226. Mr Cowen is right when he says that the proposal to modify was met initially with a certain lack of engagement, as the objectors resisted the applicants’ early attempts to negotiate a compromise. It is however important, in considering the extent to which objectors are prepared to engage with an application such as this, to have regard to the fact that any order will diminish the objectors’ property rights and that the objectors are not obliged to come to terms. In our judgment, an unwillingness to bargain away property rights is not, without more, evidence of unreasonable conduct.
227. We have had the opportunity to read the correspondence between the parties from 3 October 2016 onwards, that correspondence containing offers by the applicants headed ‘Without prejudice save as to costs’. Specific reference has been made by Mr Cowen to an offer dated 5 May 2017 which gave rise to a counter-offer by the objectors dated 11 May 2017 and further correspondence in which attempts were made to settle which continued up to and indeed beyond the commencement of the hearing on 19 June 2017.
228. The offer of 5 May 2017 proposed (as explained in the letter annexed to which was the text of the modification proposed) that the applicants would not use the Wet Basin for any works to any commercial craft unless that craft fell within the category of yachts or pleasure craft or the objectors gave their consent, such consent not to be unreasonably withheld. The offer did not however propose any modification to the covenants in so far as they related to the remainder of the Application Land. Mr Cowen concedes that the effect of the Tribunal decision was that the objectors ‘beat the applicants’ offer’ but submits that acceptance of the offer would have given rise to ‘a better result for the objectors than that which they achieved at trial.’
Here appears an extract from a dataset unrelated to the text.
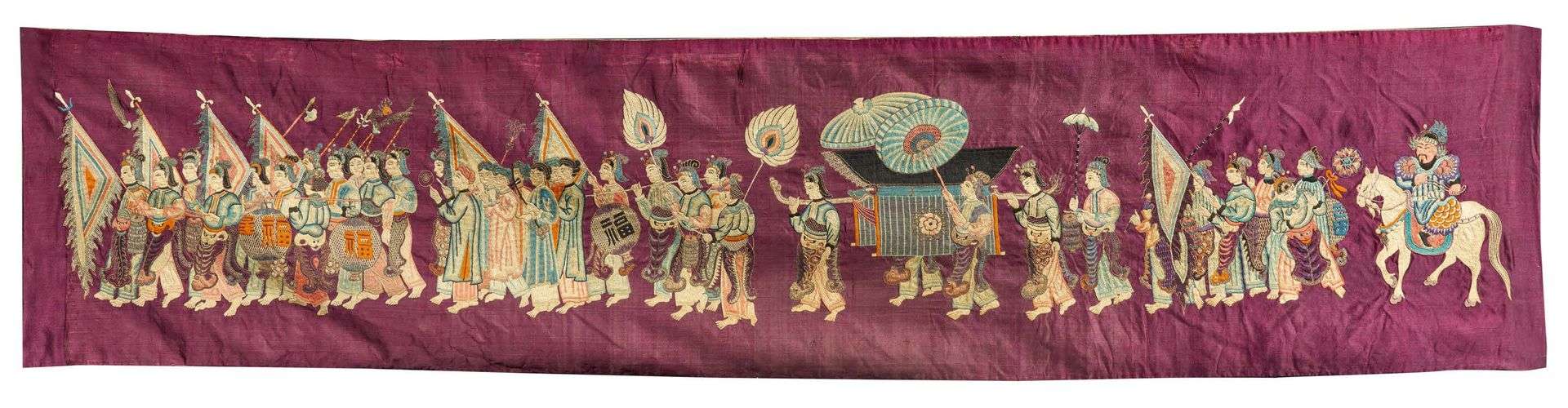 Long panneau horizontal en soie prune brodée aux fils polychromes d'une procession d'hommes et femmes, musiciens, porteurs de drapeaux, certains avec des lanternes ornées du caractère « Bonheur », un cavalier fermant la marche | doublé de soie beige.

229. Modification of complex covenants is itself a complex process, as our ruling itself may indicate, and we take the view that Mr Cowen’s argument highlights the real difficulties in formulating an offer of this kind in section 84 proceedings. We agree with him that the Tribunal, in considering the impact of admissible offers on costs liabilities, should have regard to the substance of such offers rather than their form. That said, however, we are not convinced by his submissions that the objectors would have been better off by accepting the applicants’ offer of 5 May 2017 than by pressing on with their objections and requiring the Tribunal to make a ruling. Both parties, in our judgment, used their best efforts to achieve a compromise. Blame for the failure to reach a compromise cannot fairly be laid at the door of either of them.
230. For his part, Mr Weekes contends that the applicants should pay the objectors’ costs. We do not agree. The application to modify succeeded, although it did not succeed in its entirety. It is the nature of an application to modify, as opposed to an application to discharge, that where the claim succeeds partial rather than total success is the likely outcome. The objectors’ initial approach to the application, and indeed the hearing, albeit one that mollified as matters proceeded, was to oppose any modification at all. We do not consider, in the circumstances, that it would be just to order the applicants to pay any of the objectors’ costs.